Woods D E, Bass J A, Johanson W G, Straus D C
Infect Immun. 1980 Dec;30(3):694-9. doi: 10.1128/iai.30.3.694-699.1980.
A correlation has been demonstrated between the in vitro adherence of Pseudomonas aeruginosa to upper respiratory tract epithelium and colonization of the respiratory tract by this organism. Twenty patients with cystic fibrosis (CF) and 20 age-matched controls were examined in this study. All of the CF patients but none of the controls were colonized with P. aeruginosa at the time of study. P. aeruginosa adherence to isolated epithelial cells, as determined by an in vitro assay, was 19.1 +/- 1.1 bacteria per buccal epithelial cell in the CF patients and 2.3 +/- 0.3 bacteria per cell in the controls (P < 0.01). P. aeruginosa strains of the mucoid colony type adhered in significantly lower numbers to buccal epithelial cells than did strains of the rough colony type (1.8 + 0.1 versus 24.8 +/- 0.9, P < 0.001). This difference might explain the common observation that the initial pseudomonas colonization of the respiratory tract of CF patients is due to organisms of the rough colony type. We have further demonstrated that increased P. aeruginosa adherence in vitro varies directly with the loss of a protease-sensitive glycoprotein, fibronectin, from the cell surface, as well as increased levels of salivary proteases in CF patients. When examined by a direct radioimmune binding assay, buccal cells from CF patients possessed only 17% of the total cell surface fibronectin present on similar cells obtained from controls. Salivary protease levels, as measured by (125)I release from an (125)I-labeled insoluble fibrin matrix, were increased about threefold in CF patients versus controls. Thus, colonization of the respiratory tract by P. aeruginosa in CF patients correlates well with buccal cell adherence of this organism; increased adherence is associated with decreased amounts of fibronectin on respiratory epithelial cell surfaces and increased levels of salivary proteases.
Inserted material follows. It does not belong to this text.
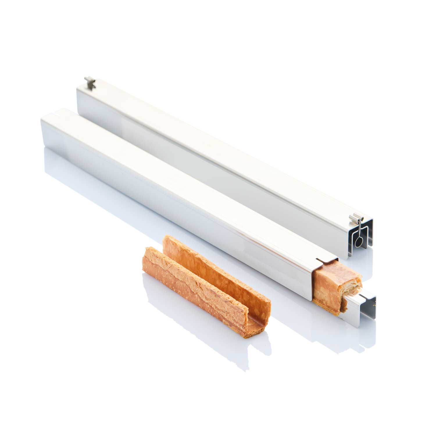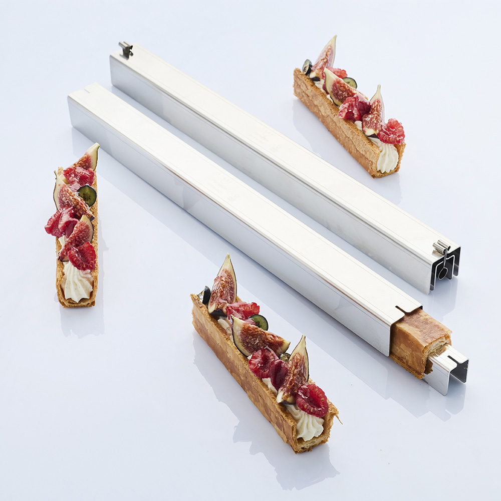 Fabricado en acero inoxidable, Croissant Bar es el innovador molde compuesto por dos barras en forma de U que encajan entre sí y se bloquean mediante dos ganchos laterales, lo que garantiza la máxima estabilidad durante la cocción.

已证实铜绿假单胞菌在体外对上呼吸道上皮的黏附与该菌在呼吸道的定植之间存在相关性。本研究对20例囊性纤维化(CF)患者和20例年龄匹配的对照者进行了检查。在研究时,所有CF患者均被铜绿假单胞菌定植,而对照者无一被定植。通过体外试验测定,CF患者中铜绿假单胞菌对分离的上皮细胞的黏附为每颊黏膜上皮细胞19.1±1.1个细菌,对照者为每细胞2.3±0.3个细菌(P<0.01)。黏液型菌落的铜绿假单胞菌菌株对颊黏膜上皮细胞的黏附数量明显低于粗糙型菌落菌株(1.8±0.1对24.8±0.9,P<0.001)。这种差异可能解释了常见的观察结果,即CF患者呼吸道最初的假单胞菌定植是由粗糙型菌落的细菌引起的。我们进一步证明,体外铜绿假单胞菌黏附增加与细胞表面一种蛋白酶敏感糖蛋白纤连蛋白的丢失直接相关,也与CF患者唾液蛋白酶水平升高有关。通过直接放射免疫结合试验检测时,CF患者的颊细胞仅含有从对照者获得的类似细胞上存在的总细胞表面纤连蛋白的17%。以从125I标记的不溶性纤维蛋白基质释放125I来测量,CF患者的唾液蛋白酶水平比对照者增加了约三倍。因此,CF患者呼吸道被铜绿假单胞菌定植与该菌对颊细胞的黏附密切相关;黏附增加与呼吸道上皮细胞表面纤连蛋白量减少和唾液蛋白酶水平升高有关。